• Exercise:
Leaving out all pictures, copy the lines below exactly, from the line with "爽やかなブルーに彩られた色ん" to the last line, both ends included.
•••
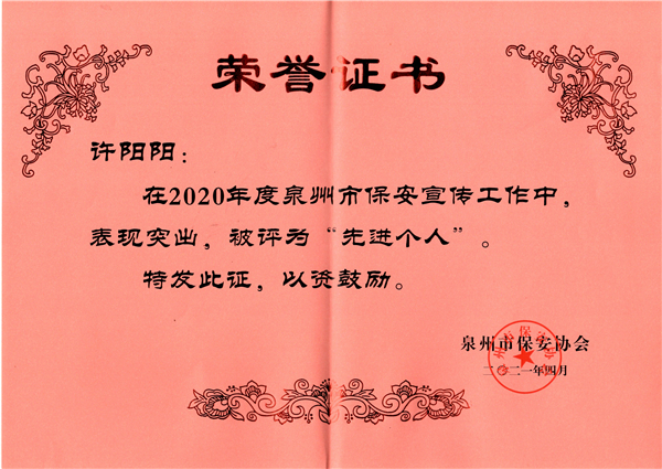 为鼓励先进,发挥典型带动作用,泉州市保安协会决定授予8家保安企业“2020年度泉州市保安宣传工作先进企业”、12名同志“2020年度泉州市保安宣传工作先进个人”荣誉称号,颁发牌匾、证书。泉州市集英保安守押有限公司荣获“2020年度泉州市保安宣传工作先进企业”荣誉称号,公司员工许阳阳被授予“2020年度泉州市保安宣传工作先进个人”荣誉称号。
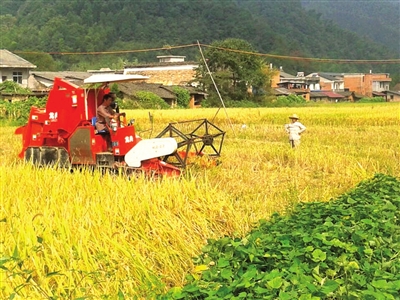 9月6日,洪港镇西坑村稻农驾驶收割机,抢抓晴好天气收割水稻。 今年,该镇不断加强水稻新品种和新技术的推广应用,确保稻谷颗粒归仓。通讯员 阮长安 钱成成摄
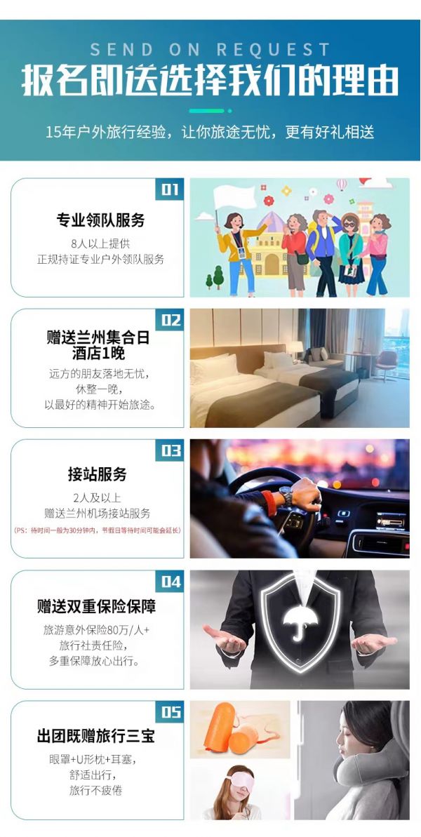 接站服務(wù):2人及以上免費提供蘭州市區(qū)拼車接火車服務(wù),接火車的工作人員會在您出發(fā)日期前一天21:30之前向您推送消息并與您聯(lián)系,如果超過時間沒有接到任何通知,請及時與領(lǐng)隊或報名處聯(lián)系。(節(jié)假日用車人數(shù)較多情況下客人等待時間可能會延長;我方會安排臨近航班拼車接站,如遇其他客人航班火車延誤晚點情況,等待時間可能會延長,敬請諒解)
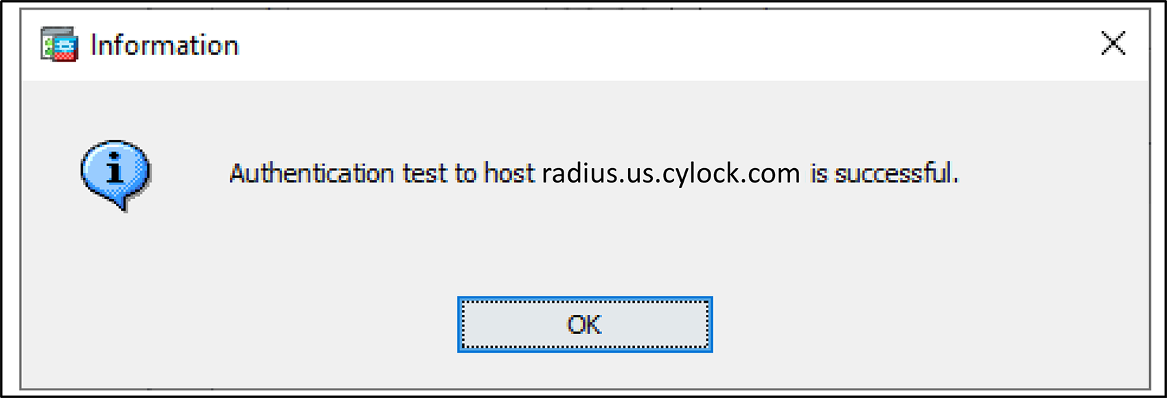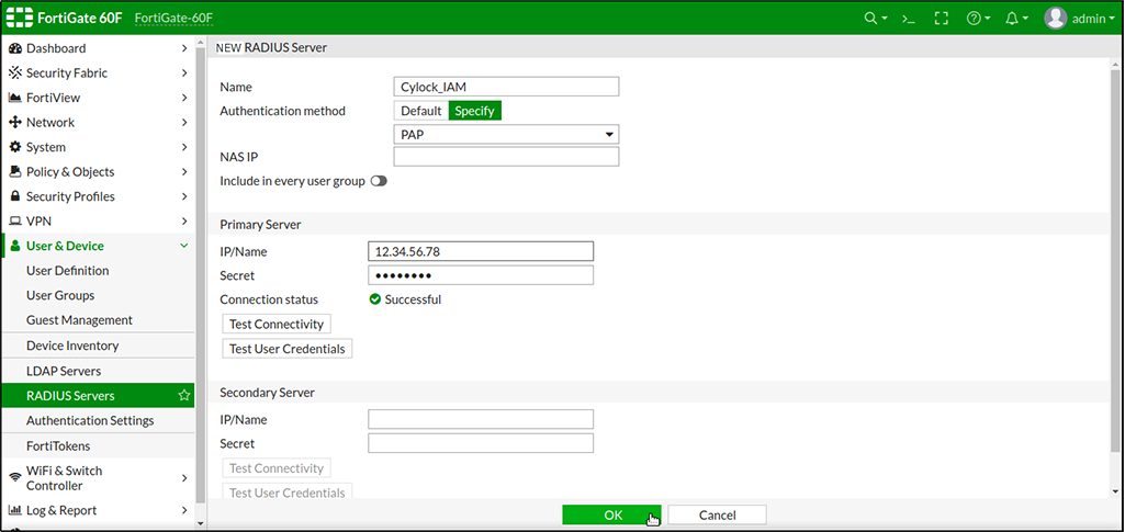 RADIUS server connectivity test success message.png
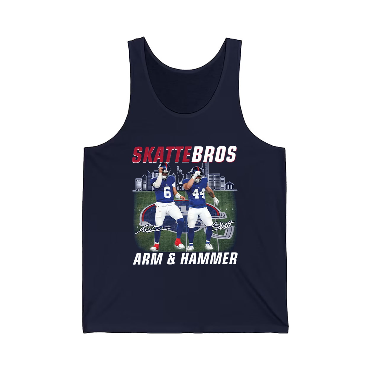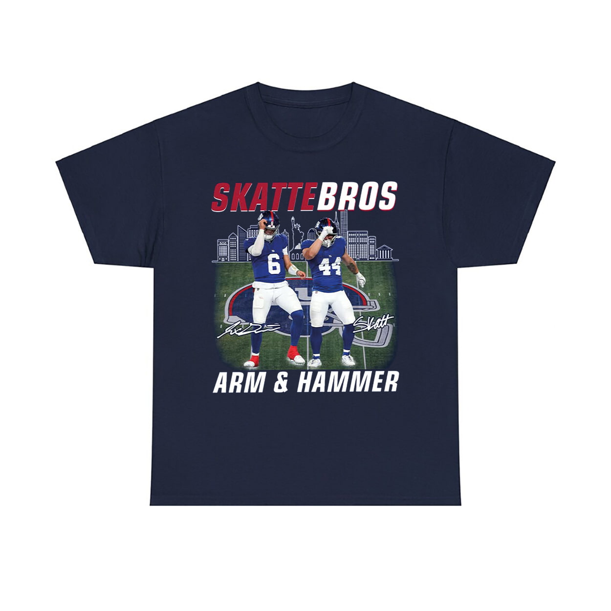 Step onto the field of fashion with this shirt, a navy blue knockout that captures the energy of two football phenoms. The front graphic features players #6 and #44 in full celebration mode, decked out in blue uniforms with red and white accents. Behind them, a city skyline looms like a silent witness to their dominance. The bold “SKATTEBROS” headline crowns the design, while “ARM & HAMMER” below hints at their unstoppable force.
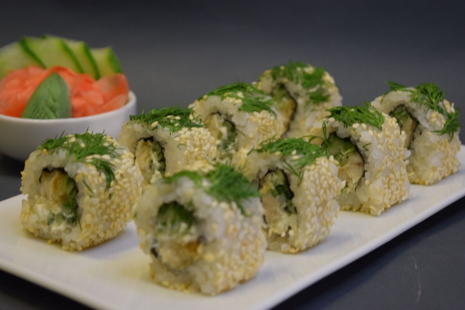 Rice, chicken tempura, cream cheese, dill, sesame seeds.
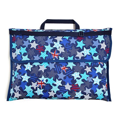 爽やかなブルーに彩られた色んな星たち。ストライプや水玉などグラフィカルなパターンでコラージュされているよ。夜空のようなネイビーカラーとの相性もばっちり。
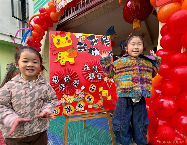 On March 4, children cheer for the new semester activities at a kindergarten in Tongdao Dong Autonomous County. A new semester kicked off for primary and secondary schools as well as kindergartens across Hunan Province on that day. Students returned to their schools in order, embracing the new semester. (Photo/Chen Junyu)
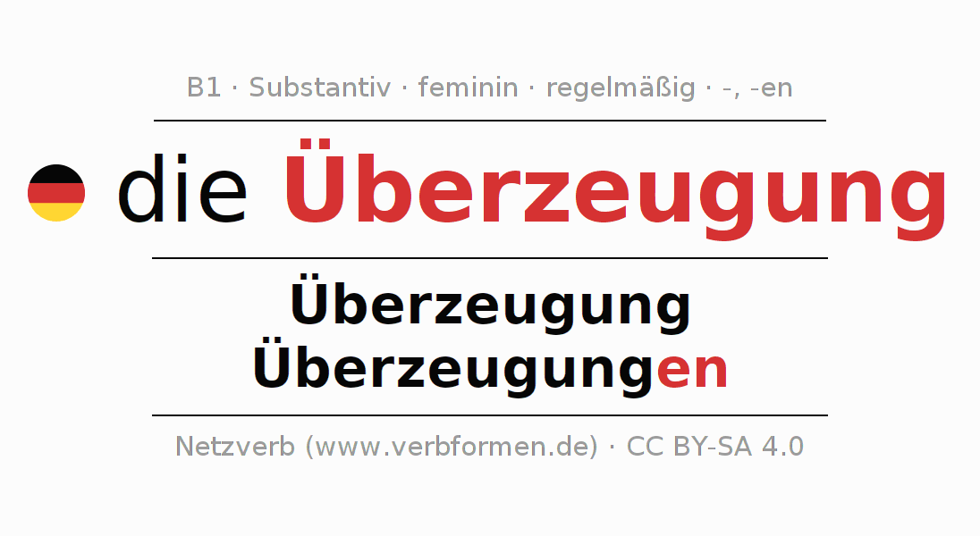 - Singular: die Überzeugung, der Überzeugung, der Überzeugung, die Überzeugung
•••
• Written solution:
 爽やかなブルーに彩られた色んな星たち。ストライプや水玉などグラフィカルなパターンでコラージュされているよ。夜空のようなネイビーカラーとの相性もばっちり。
 On March 4, children cheer for the new semester activities at a kindergarten in Tongdao Dong Autonomous County. A new semester kicked off for primary and secondary schools as well as kindergartens across Hunan Province on that day. Students returned to their schools in order, embracing the new semester. (Photo/Chen Junyu)
 - Singular: die Überzeugung, der Überzeugung, der Überzeugung, die Überzeugung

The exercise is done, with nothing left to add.